» The task
Everything from the line with "Figure: Bypass spam" through the final line of the listing below must be retyped exactly, apart from the pictures.

» Provided data
━━━━━━━━━━━━━━━━━━━━

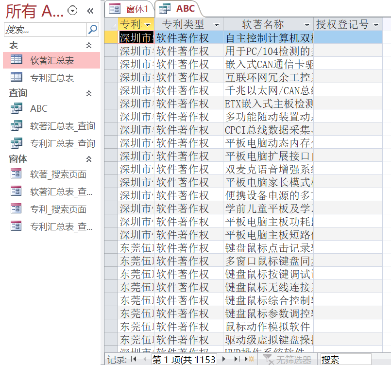 最终建成的 ”查询“ 对象 ABC,以及导航栏右侧,所显示的,该查询所形成的结果。我们后面第三步添加的搜索按钮,输入要查找的关键字后,显示的内容格式将和ABC所显示的内容格式相同。 也就是说,搜索,将会对”查询“对象 ABC中所显示的内容进行搜索。
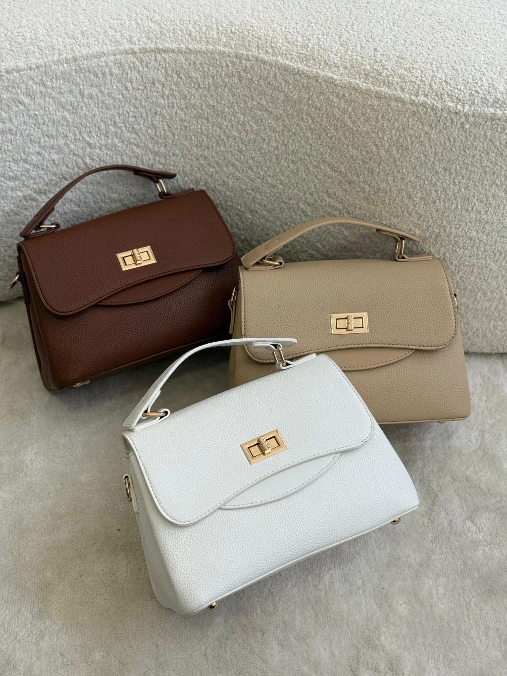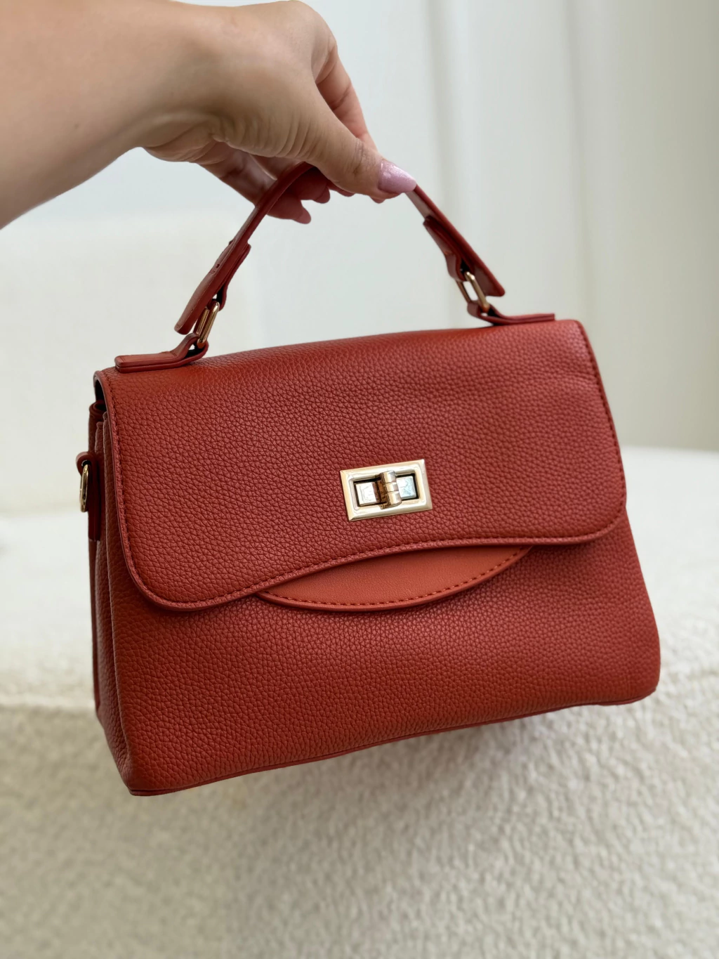 Seu design clean com fecho dourado traz sofisticação na medida certa, enquanto a estrutura firme garante praticidade para o dia a dia ou ocasiões especiais.
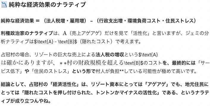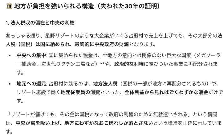 リゾート資本が外資なら日本は貧しくなるし、日系企業でも株主はガイジンばかりで配当で持ってかれる。そもそも法人税で地方は潤わないし、地元住民の雇用促進たって国民負担率は上がる一方の上に、移民のコストを負うのは地方やから何一つええことないねん。なんか地獄やな…
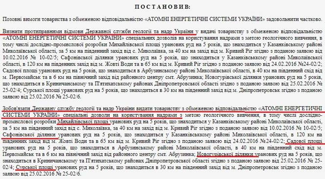 В этом случае Госгеонедра законно отказала АЭСУ в получении специальных разрешений, однако опять нарушила процедуру отказа. Это позволило государственному органу проиграть суд и отдать без аукциона в частные руки 5 самых больших месторождений урана практически бесплатно.
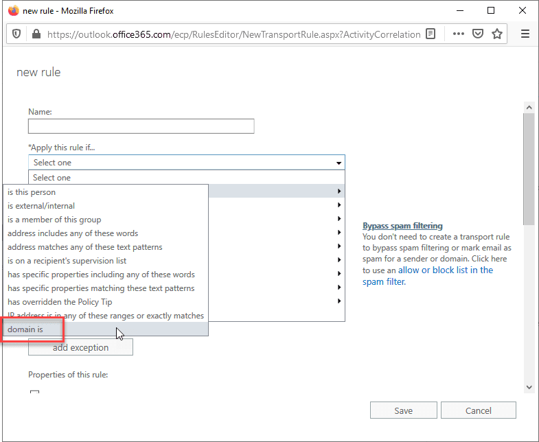 Figure: Bypass spam filtering setting in Exchange - On the new window that opens, type a good name for the rule | Apply this rule if... | domain is | type your Zendesk domain (in our case, ssw.zendesk.com):
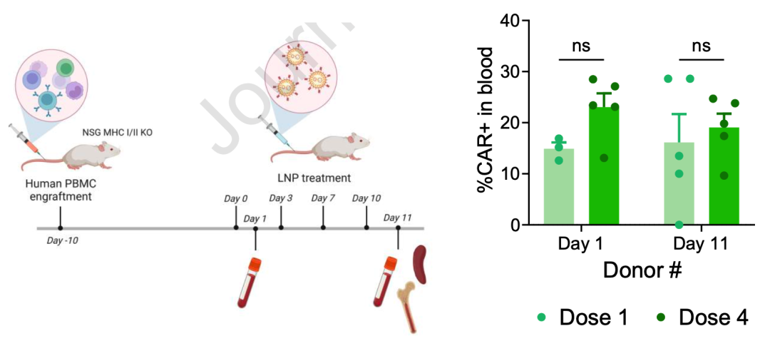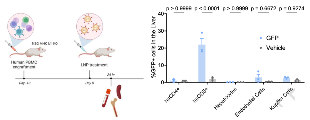 体外实验完成,开始体内实验:人源化小鼠体内,纳米抗体修饰的LNP特异性介导CD8 T细胞表达GFP

━━━━━━━━━━━━━━━━━━━━

» Exercise solution
 Figure: Bypass spam filtering setting in Exchange - On the new window that opens, type a good name for the rule | Apply this rule if... | domain is | type your Zendesk domain (in our case, ssw.zendesk.com):
 体外实验完成,开始体内实验:人源化小鼠体内,纳米抗体修饰的LNP特异性介导CD8 T细胞表达GFP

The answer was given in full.